Based on our recent experience, ‘distinguishing fact from fiction’ in relation to System of Systems (SoS) safety has emerged as a pertinent topic in a number of senses. From an analytical perspective, we recognise that it would be a mistake to treat a SoS as ‘just another complex system’. The defining properties of a SoS mean that traditional analysis methods may fall short if applied without additional support. On the other hand, we also argue that the structured and comprehensive analysis of a SoS need not be so complex as to be impractical.

We draw on an internal BAE Systems development project, Integrated Aircrew Training (IAT), as an exemplar. IAT interconnects multiple systems and participants – air and ground assets – into a training SoS. As would be expected we have identified a number of sources of complexity in the analysis of this SoS, chiefly the exponential impact of interactions among increasing numbers of system elements on analysis complexity. However, the training domain provides constraints which may be captured as feature models to structure the analysis.

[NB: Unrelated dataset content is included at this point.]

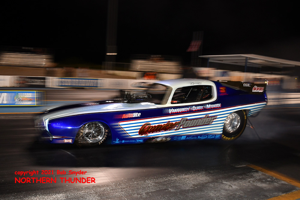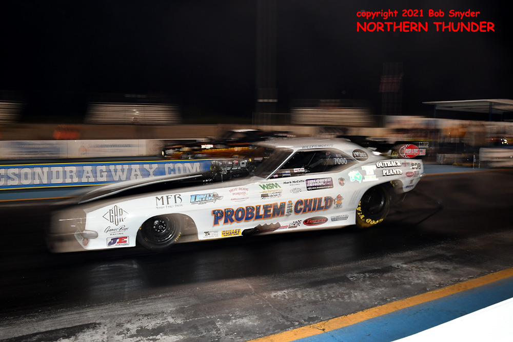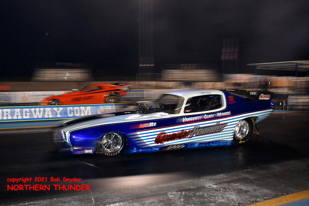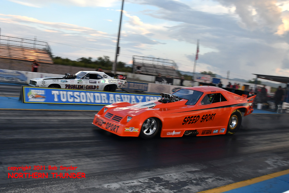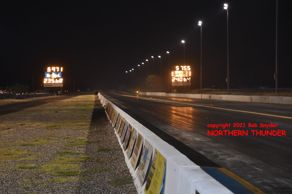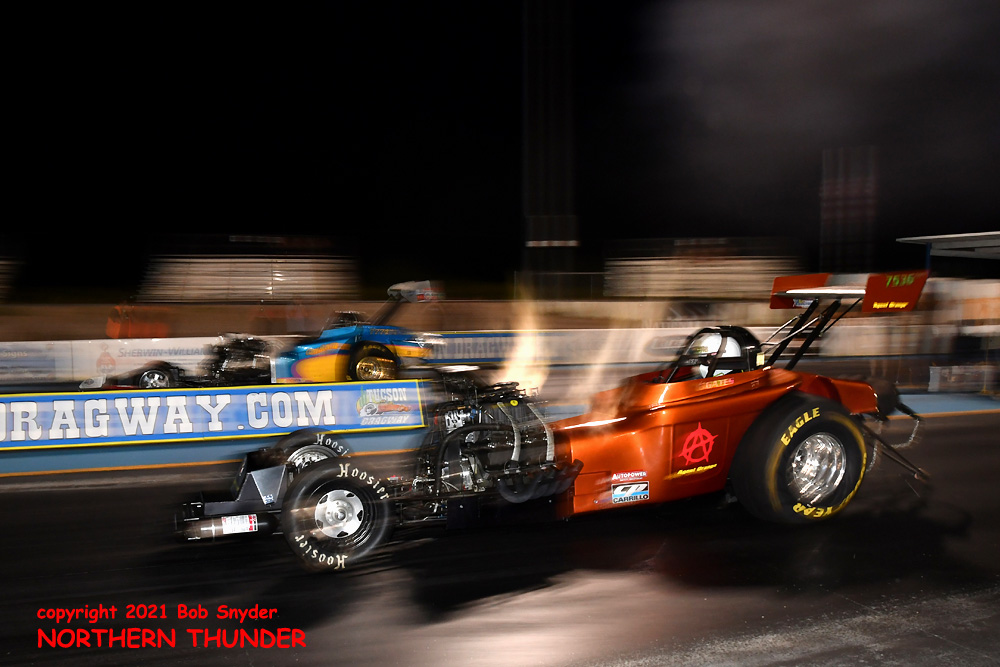 (LEFT) Leaving first and running away with the win was Tim Boychuk (near lane), as his 5.829 - 243.50 easily covered James Day's slowing 7.226 - 130.30 pass. Boychuk's 243.50 mph speed was tops of the night.

We outline a SoS hazard assessment process and associated safety case approach that are the subject of ongoing research and development and as such, are not yet formally recognised. They acknowledge that the presence of human decision-makers in a SoS means that human factors analysis contributes significantly to SoS safety assessment. We discuss the human element in SoS safety analysis and show how its treatment in the case of IAT has caused us to recognise that augmented-reality training brings with it both novel sources and consequences of human ‘error’. In this particular SoS, the ‘fact versus fiction’ differential also applies to SoS users and the notion of participant ‘immersion’ is a key area of interest.

Keywords

Hazard Assessment System Safety Software Product Line Fault Tree Analysis Hazard Identification 
These keywords were added by machine and not by the authors. This process is experimental and the keywords may be updated as the learning algorithm improves.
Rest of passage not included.